Top of Information shown
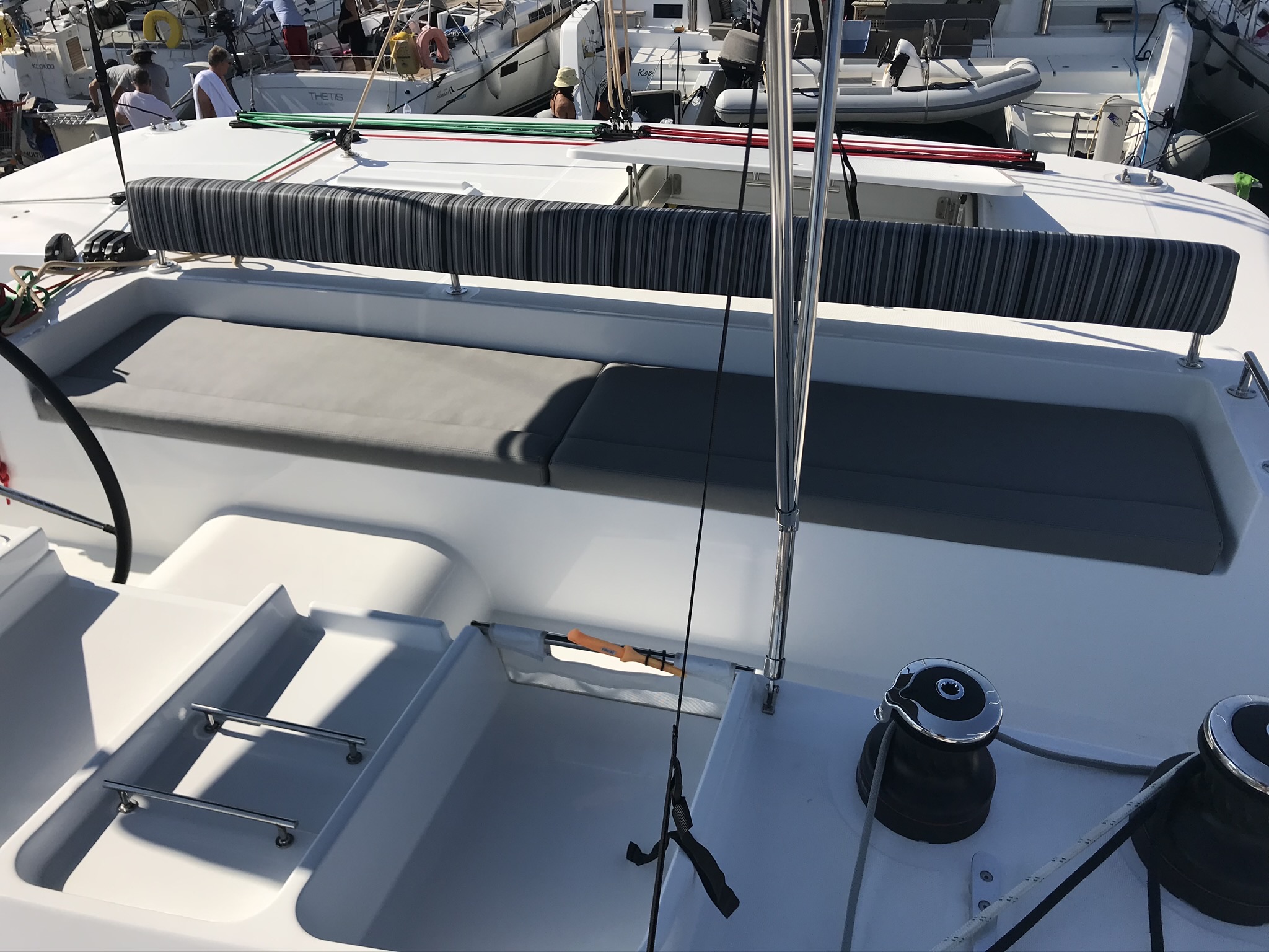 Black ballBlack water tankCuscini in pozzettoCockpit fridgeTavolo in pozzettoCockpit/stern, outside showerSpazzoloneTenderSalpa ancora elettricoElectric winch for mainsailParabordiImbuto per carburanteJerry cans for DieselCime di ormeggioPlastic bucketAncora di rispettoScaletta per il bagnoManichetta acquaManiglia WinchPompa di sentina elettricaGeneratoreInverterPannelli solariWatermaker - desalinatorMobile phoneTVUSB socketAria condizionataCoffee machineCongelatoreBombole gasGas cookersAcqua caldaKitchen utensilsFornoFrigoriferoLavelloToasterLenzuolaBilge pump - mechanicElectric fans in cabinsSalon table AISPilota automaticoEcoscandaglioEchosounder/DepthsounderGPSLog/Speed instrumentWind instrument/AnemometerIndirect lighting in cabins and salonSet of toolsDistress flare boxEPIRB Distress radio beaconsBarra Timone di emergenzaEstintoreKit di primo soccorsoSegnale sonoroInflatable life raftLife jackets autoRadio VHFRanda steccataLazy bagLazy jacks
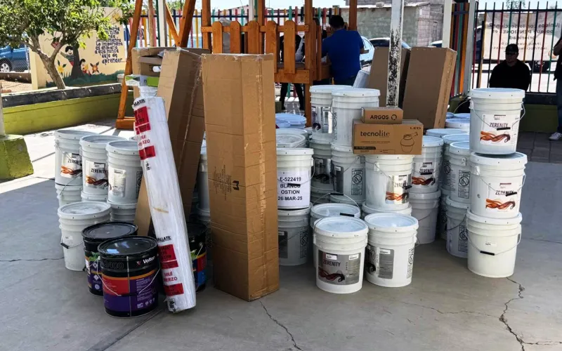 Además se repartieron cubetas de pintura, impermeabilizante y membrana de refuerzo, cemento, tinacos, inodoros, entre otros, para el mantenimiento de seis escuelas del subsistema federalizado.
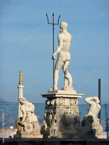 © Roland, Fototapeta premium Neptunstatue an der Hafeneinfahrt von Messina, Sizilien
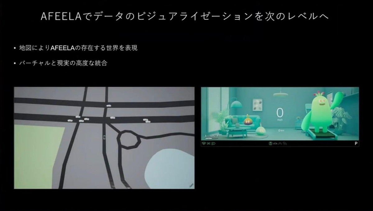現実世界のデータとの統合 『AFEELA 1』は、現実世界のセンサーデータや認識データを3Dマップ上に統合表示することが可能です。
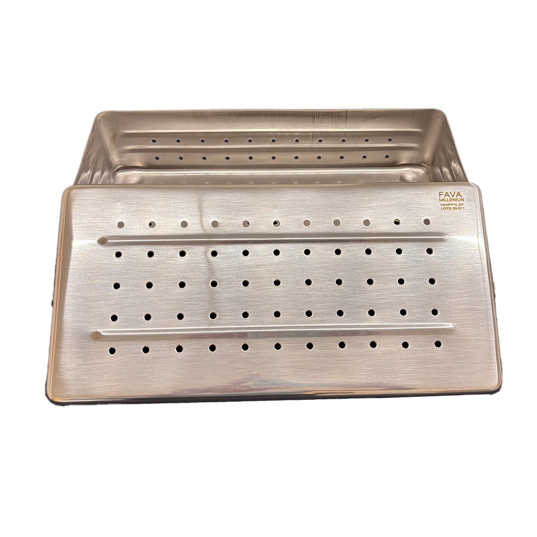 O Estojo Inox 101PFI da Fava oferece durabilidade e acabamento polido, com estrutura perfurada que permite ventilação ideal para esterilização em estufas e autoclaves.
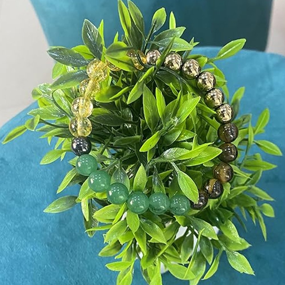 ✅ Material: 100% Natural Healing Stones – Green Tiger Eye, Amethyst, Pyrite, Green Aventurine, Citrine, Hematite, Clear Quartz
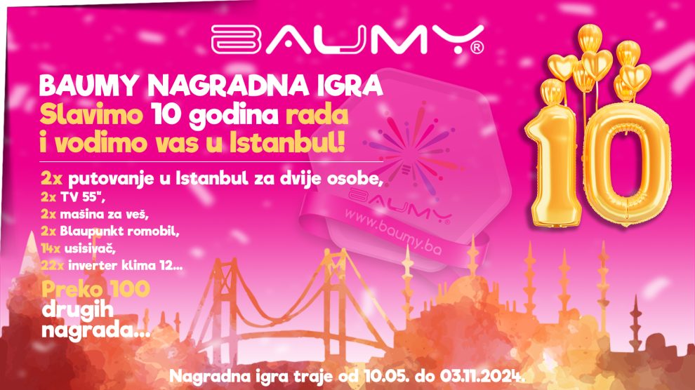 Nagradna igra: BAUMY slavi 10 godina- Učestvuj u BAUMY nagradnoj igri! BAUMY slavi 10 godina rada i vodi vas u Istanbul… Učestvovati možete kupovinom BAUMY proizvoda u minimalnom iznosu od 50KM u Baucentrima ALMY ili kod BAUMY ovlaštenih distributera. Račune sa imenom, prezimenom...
Bottom of Information shown
Top of Information shown
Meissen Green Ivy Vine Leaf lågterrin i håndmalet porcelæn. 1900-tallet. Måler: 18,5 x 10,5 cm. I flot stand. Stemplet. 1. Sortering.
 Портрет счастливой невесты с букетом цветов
Bottom of Information shown
Top of Information shown
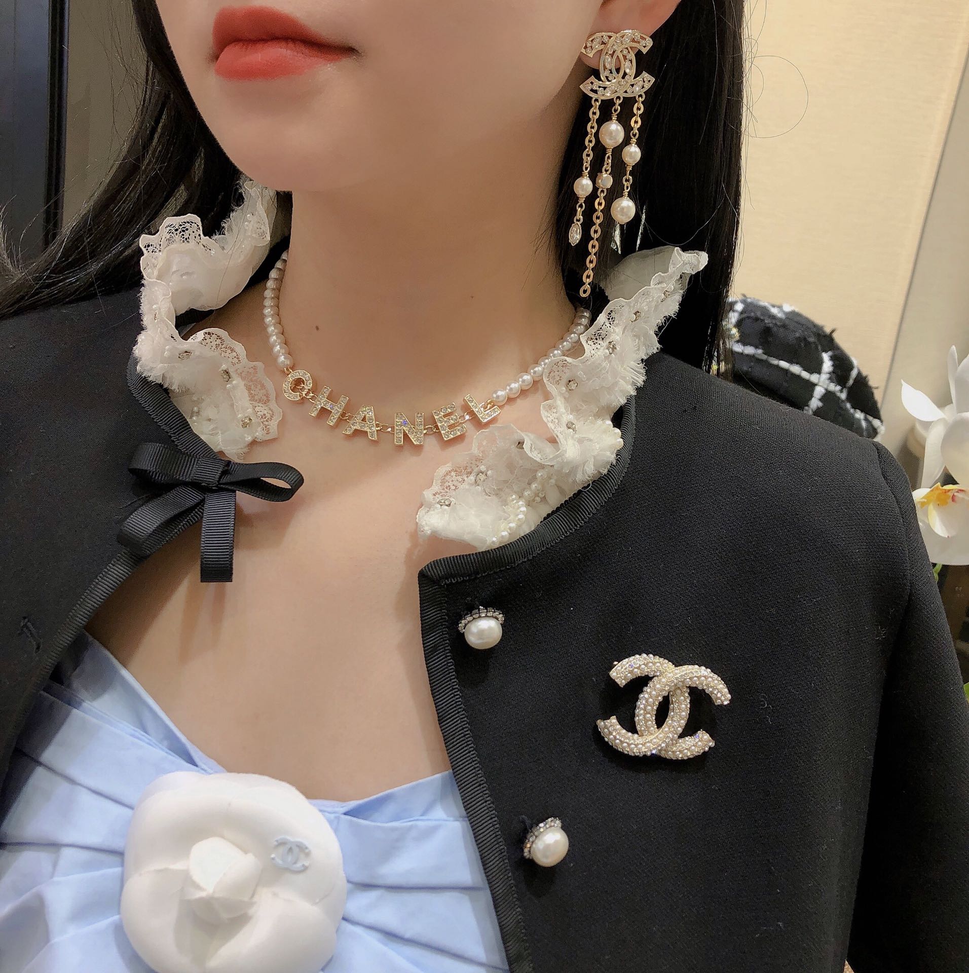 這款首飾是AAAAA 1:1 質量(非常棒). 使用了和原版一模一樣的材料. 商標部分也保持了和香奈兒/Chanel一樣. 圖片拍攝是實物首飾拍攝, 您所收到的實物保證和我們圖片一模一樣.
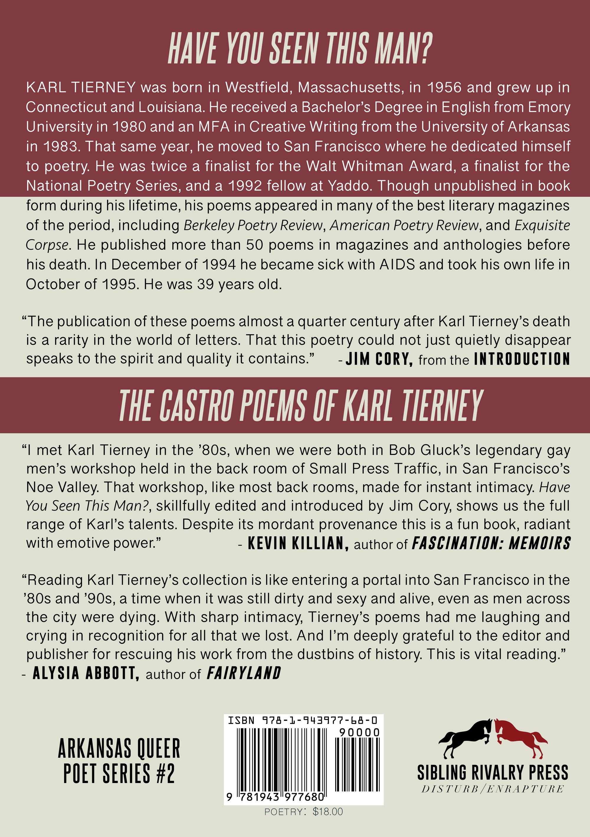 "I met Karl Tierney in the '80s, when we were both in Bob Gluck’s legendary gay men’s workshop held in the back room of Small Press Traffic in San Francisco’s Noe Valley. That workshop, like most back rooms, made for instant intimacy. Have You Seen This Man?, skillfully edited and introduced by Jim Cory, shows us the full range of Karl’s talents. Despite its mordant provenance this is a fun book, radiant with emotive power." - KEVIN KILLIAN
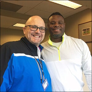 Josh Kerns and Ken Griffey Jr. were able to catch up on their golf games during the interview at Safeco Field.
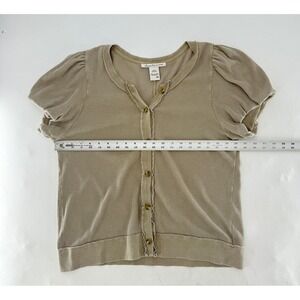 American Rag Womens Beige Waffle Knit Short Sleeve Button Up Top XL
Bottom of Information shown
In the records above, find the line containing "von Messina, Sizilien" and the line containing "Nagradna igra: BAUMY", then give both of them again word for word along with every line between. Omit any pictures.

# Solved problem:
 © Roland, Fototapeta premium Neptunstatue an der Hafeneinfahrt von Messina, Sizilien
現実世界のデータとの統合 『AFEELA 1』は、現実世界のセンサーデータや認識データを3Dマップ上に統合表示することが可能です。
 O Estojo Inox 101PFI da Fava oferece durabilidade e acabamento polido, com estrutura perfurada que permite ventilação ideal para esterilização em estufas e autoclaves.
 ✅ Material: 100% Natural Healing Stones – Green Tiger Eye, Amethyst, Pyrite, Green Aventurine, Citrine, Hematite, Clear Quartz
 Nagradna igra: BAUMY slavi 10 godina- Učestvuj u BAUMY nagradnoj igri! BAUMY slavi 10 godina rada i vodi vas u Istanbul… Učestvovati možete kupovinom BAUMY proizvoda u minimalnom iznosu od 50KM u Baucentrima ALMY ili kod BAUMY ovlaštenih distributera. Račune sa imenom, prezimenom...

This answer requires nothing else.